As the Defense and Veterans Affairs Departments celebrate the initial launch of the electronic health record in four medical facilities, Congress is keeping a close eye on the continued development of the $4.3 billion program.
Senate Armed Services Committee Chairman John McCain (R-Ariz.) is watching the DoD and VA joint venture, especially when it comes to IT challenges. McCain asked the two departments to update him on best practices and lessons learned by VA that will avoid upgrade challenges.
“VA is working with DoD to assess existing business process and determine what changes may be necessary throughout the contract life cycle,” a letter to McCain late last month from VA Secretary David Shulkin and Deputy Defense Secretary Patrick Shanahan stated. “DoD is making available senior acquisition, testing and project management experts who were instrumental in DoD’s own transformation to assist VA with initial contract implementation.”
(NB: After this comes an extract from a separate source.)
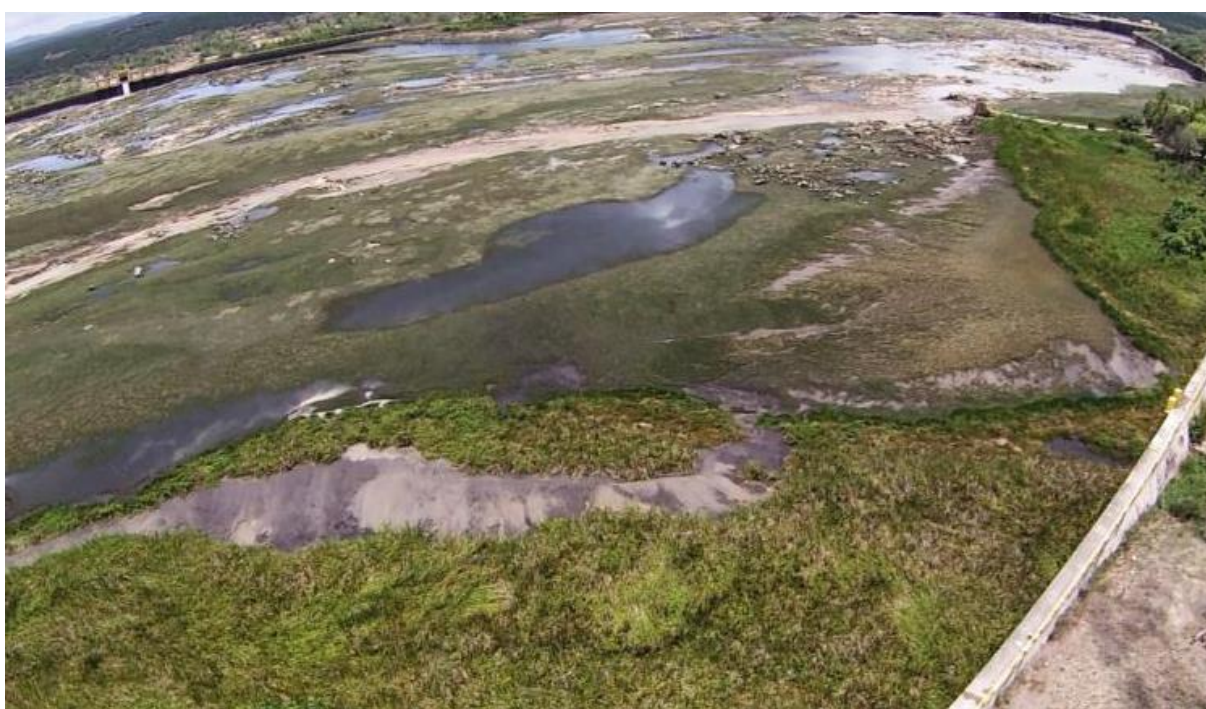
Figura 9 – Imagens do deplecionamento do Reservatório Delmiro Gouveia

The letter goes on to say those resources will allow VA to adopt DoD’s best practices and lessons learned through the requirements and acquisitions phase.
VA established a dedicated program office for EHR, which will be staffed with subject matter experts in contracting, health IT and business innovation, the letter stated.
VA and DoD also assured Congress the project is on track with its timeline. VA is currently standing up its initial program efforts and is developing an acquisition and implementation timeline. The letter stated VA is currently in the midst of “focused negotiations” with Cerner to finalize a contract. Genesis is based on Cerner’s software.
Meanwhile, DoD began deploying MHS Genesis to patient care sites earlier this year, with full deployment scheduled for 2018 and completion in 2022.
At the first four “go-live” sites, Genesis has now supplanted three different aging health IT systems. By the time it’s deployed worldwide, officials say it will have made DoD patient care “seamless” in that it will be interoperable with both private-sector medical providers and VA, and will give clinicians real-time access to the entirety of a patient’s medical history, plus decision-support tools that are far beyond the grasp of the current systems, some of which date to the 1980s.
“We are in the midst of a transformation in health care,” said Vice Adm. Forrest Faison, the Navy’s surgeon general. “Today, because of the miraculous inventions that have surrounded us over the past 20 or 30 years, the volume of medical knowledge in the world is doubling every two years. We are rapidly approaching the point where we can’t make good on the promise of delivering the best health care our nation can offer without driving these clinical practice guidelines to the point of care, and that’s what Genesis is allowing us to do.”
While DoD is excited about its launch, Congress wants to make sure there is proper oversight of the commercial off-the-shelf system, fearing it may fall prey to excessive customization that forces VA and DoD to have completely different record systems as time goes on.
The letter stated VA is adopting DoD clinical workflows to the greatest extent possible, while adding some necessary VA-specific functions that are not performed by DoD.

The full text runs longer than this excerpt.